A Case Study of Visitor Effects on Anxiety and Maternal Behavior of a Western Lowland Gorilla (Gorilla, gorilla, gorilla)

Captive primates are consistently exposed to human visitors, which has been demonstrated to have negative effects on their behavior. High numbers of visitors can be seen as a stressor for captive primates, and this stress is thought to contribute to an increase in anxiety. The endocrine and neuropeptide systems responsible for anxiety respond to stressors and work to maintain homeostasis in the nervous system. In the postpartum maternal period, these systems are adjusted for the stress of addressing an infant’s needs, but may not be able to control additional external stress. The resulting anxiety in primate mothers may help account for maternal failure in the captive environment.
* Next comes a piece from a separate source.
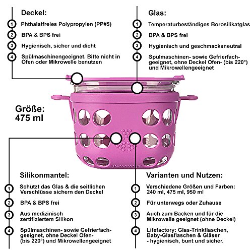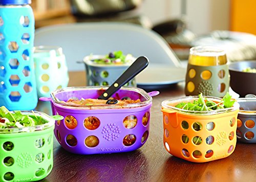 Studio : Lifefactory Kitchen Publisher : Lifefactory Kitchen Binding : Kitchen Product Description Add a dash of design to your lunchbox, cabinets, and fridge with Lifefactory’s mobile food storage collection. Delivering functional utility matched with delightful vibrancy, Lifefactory glass storage containers are perfect for packing healthy snacks, lunches, and for storage at home. Built for mobility, these innovative food containers are durable enough to travel to the park for a picnic making it a great alternative to plastic. The silicone sleeve features a button closure that secures the container to the lid. Offered in a range of colors with 1, 2, and 4 cup capacities, Lifefactory mobile food storage containers can be mixed and matched and the bright colors make it easy to identify foods in crowded refrigerators and cabinets. Constructed of tempered glass with a heat-safe silicone sleeve, the containers are oven, microwave, freezer, and dishwasher safe. For easy care, the containers can be placed in the dishwasher with the silicone sleeve on. The polypropylene lid is dishwasher and freezer safe, but shouldn’t be used in the oven or in microwaves. Reusable Lifefactory mobile storage containers offer a non-leaching alternative to plastic food storage. The lid is constructed of BPA/BPS-free polypropylene (PP#5) with no phthalates, PVC, or polycarbonates. The sleeve is constructed of durable BPA/BPS-free silicone. Made in North America: glass made in Mexico, sleeve and lid made in the USA. 0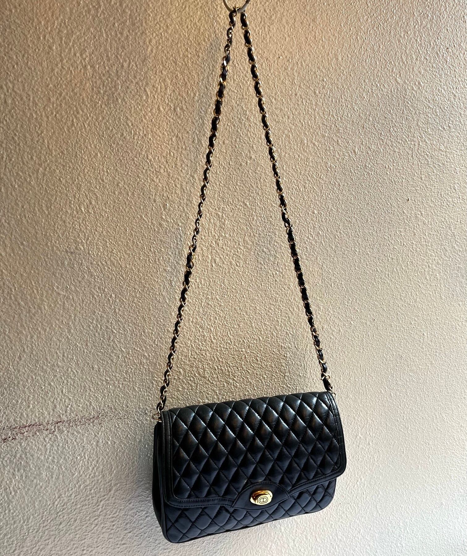 ブラックレザーにチェーンストラップが映えるItaly VintageショルダーBag!

To connect the evidence for visitor anxiety and poor maternal care, a case study was conducted of a mother western lowland gorilla (Gorilla gorilla gorilla) and her infant. Visual monitoring of visitors and self-scratching behaviors were used as measures of anxiety and changes were noted in ventro-ventral contact with the infant to establish quality of maternal care. The gorilla was viewed during periods of high and low visitor density to determine if there were any differences in these behaviors. Visual monitoring was determined to be significantly higher with high visitor density, but there were no significant differences in the other behaviors. This demonstrates that visitors had a slight effect on the mother’s anxiety, but did not change her maternal behavior. Although these results indicate that visitor anxiety may not be as acute as previously hypothesized; further research may be needed to guarantee success of captive breeding programs especially with an endangered species such as the western lowland gorilla.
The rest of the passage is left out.